__Your task__: Each line in the material below must be transcribed exactly; no picture belongs in the copy.

__Available data__:
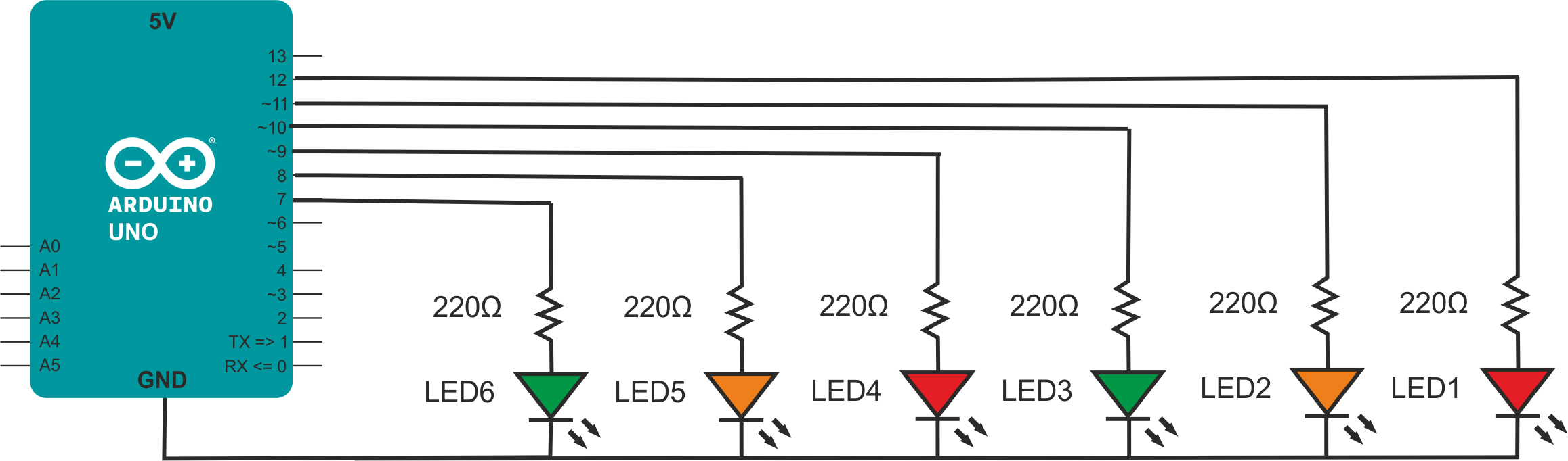 Deze oefening is gebaseerd op een voorbeeld van Arduino. Wil je de volledige oefening proberen, breidt dan uit naar 6 leds en implementeer een tweede for-lus in het loop gedeelte waarbij alle leds één voor één weer uit gaan.
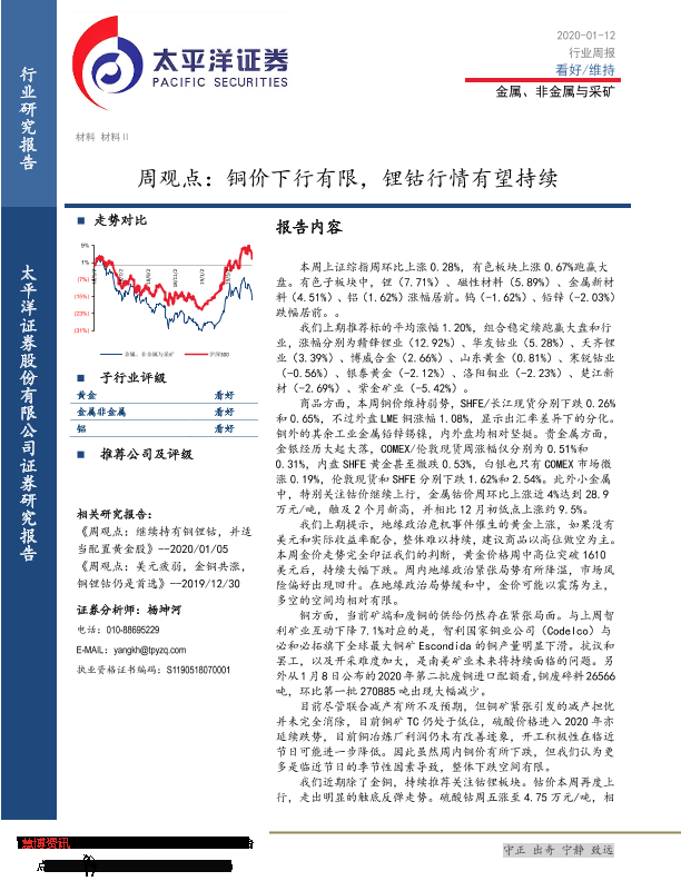 【太平洋证券】【20200112】20200112-太平洋-金属、非金属与采矿周观点:铜价下行有限,锂钴行情有望持续-4页
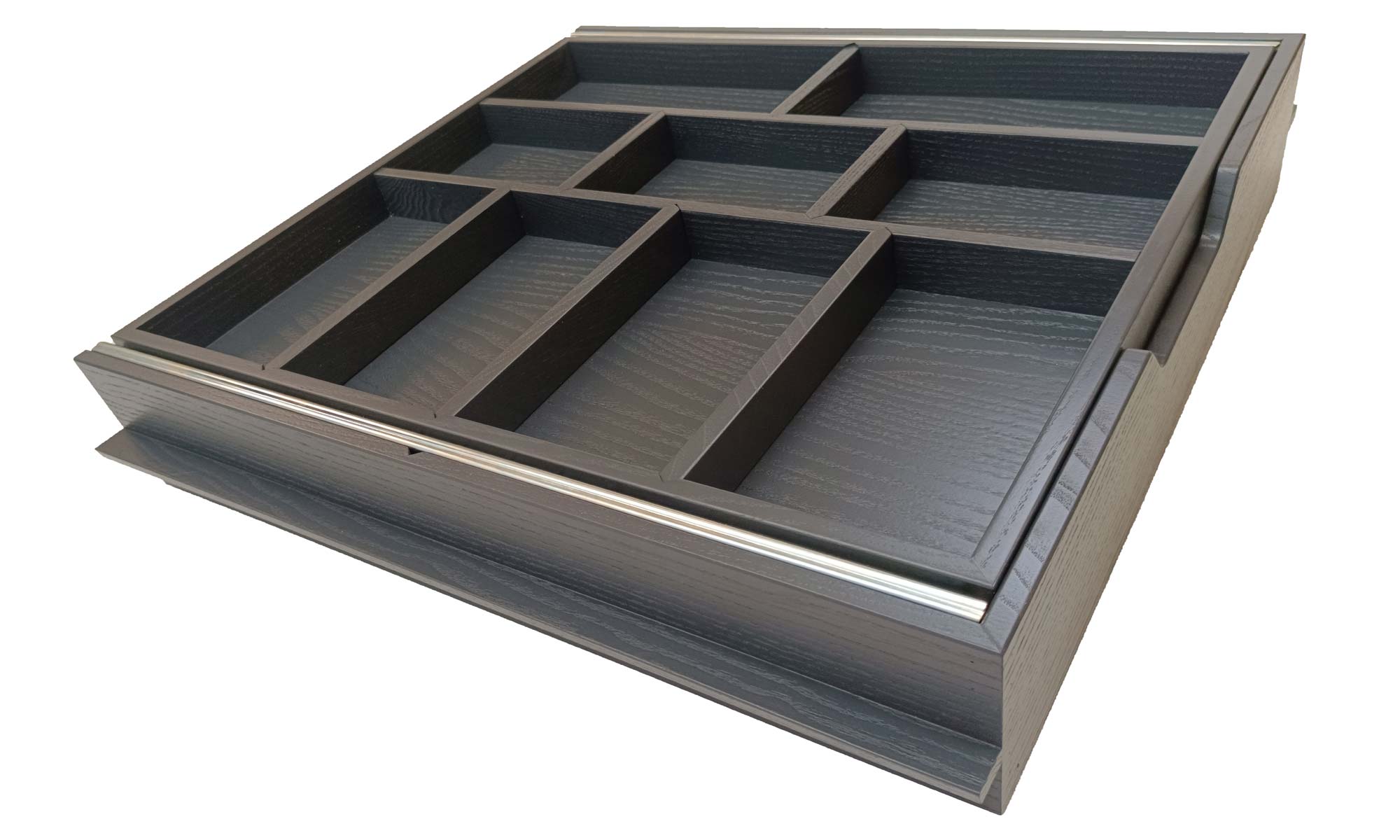 %100 El Yapımı Çift Katlı Antrasit Boyalı Dişbudak Ahşap Çekmece İçi Kaşıklık – 60’lık Modül

__Response for this exercise__:
 Deze oefening is gebaseerd op een voorbeeld van Arduino. Wil je de volledige oefening proberen, breidt dan uit naar 6 leds en implementeer een tweede for-lus in het loop gedeelte waarbij alle leds één voor één weer uit gaan.
 【太平洋证券】【20200112】20200112-太平洋-金属、非金属与采矿周观点:铜价下行有限,锂钴行情有望持续-4页
 %100 El Yapımı Çift Katlı Antrasit Boyalı Dişbudak Ahşap Çekmece İçi Kaşıklık – 60’lık Modül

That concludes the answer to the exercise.